New recommendations which should help growers optimise in-furrow applications of the popular potato fungicide, Amistar, could be on the way.

Manufacturer, Syngenta’s technical manager, Michael Tait, speaking at the Potatoes in Practice event, said that a new design of planter nozzle set up shown at the Dundee event, reduced the likelihood of clogging to a vital part of the applicator unit.

He said previous models had cone nozzles built in at both the front and back of the shoe, with that design spraying into the furrow as it was opened, before placing the seed potato, and again onto the soil as the tuber was covered.

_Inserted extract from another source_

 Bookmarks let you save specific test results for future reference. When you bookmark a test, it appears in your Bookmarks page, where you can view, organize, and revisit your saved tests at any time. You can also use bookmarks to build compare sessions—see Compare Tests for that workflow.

However, feedback from growers pointed out that the front nozzle could be prone to clogging with soil.

The new design, researched by Syngenta, Team Sprayers and Grimme, has a configuration that has both nozzles strategically placed to spray and mix into the soil after the potato has been planted.

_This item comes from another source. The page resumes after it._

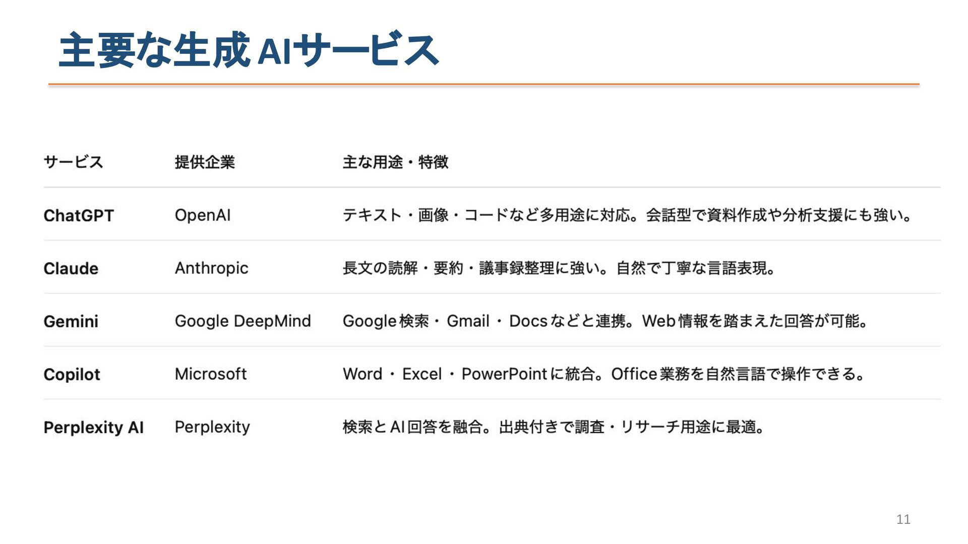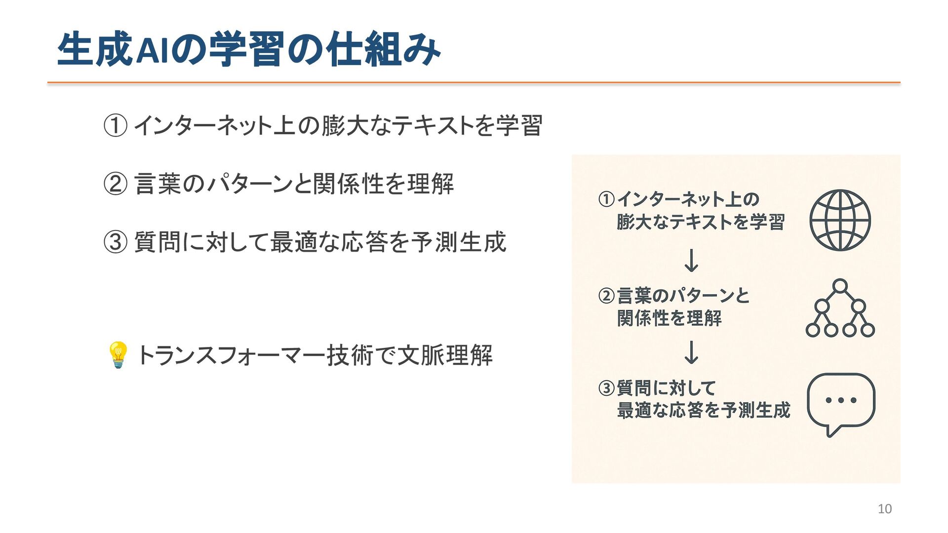 生成AIの学習の仕組み ① インターネット上の膨大なテキストを学習 ② 言葉のパターンと関係性を理解 ③ 質問に対して最適な応答を予測生成 💡 トランスフォーマー技術で文脈理解 10

“We have been doing intensive testing to see whether hollow cone or low drift nozzles work best for application, and what were the optimum water volumes, particularly on modern belt planters operating at higher speeds,” he said.

“Previously, planters were typically smaller and slower, and standard practice was to recommend the minimum possible water volumes. It was often a trade-off of the need for efficacy, with the capability of machinery.

"Today’s machines are bigger and faster, with the capacity to carry more and with growers geared up to efficiency of operations to get the best possible results. With the ability to apply at a water volume of 100 l/ha, we can potentially move towards optimum efficacy,” he added.

Application trials at the start of this season have been assessing effects of different techniques on emergence and ground cover, as well as monitoring disease.

Data from independent trials on rhizoctonia control should be available for BP2019 at Harrogate, whilst reports on diseases which develop over time in storage, such as black dot, will be released at next year’s Potato Science meetings, said Mr Tait.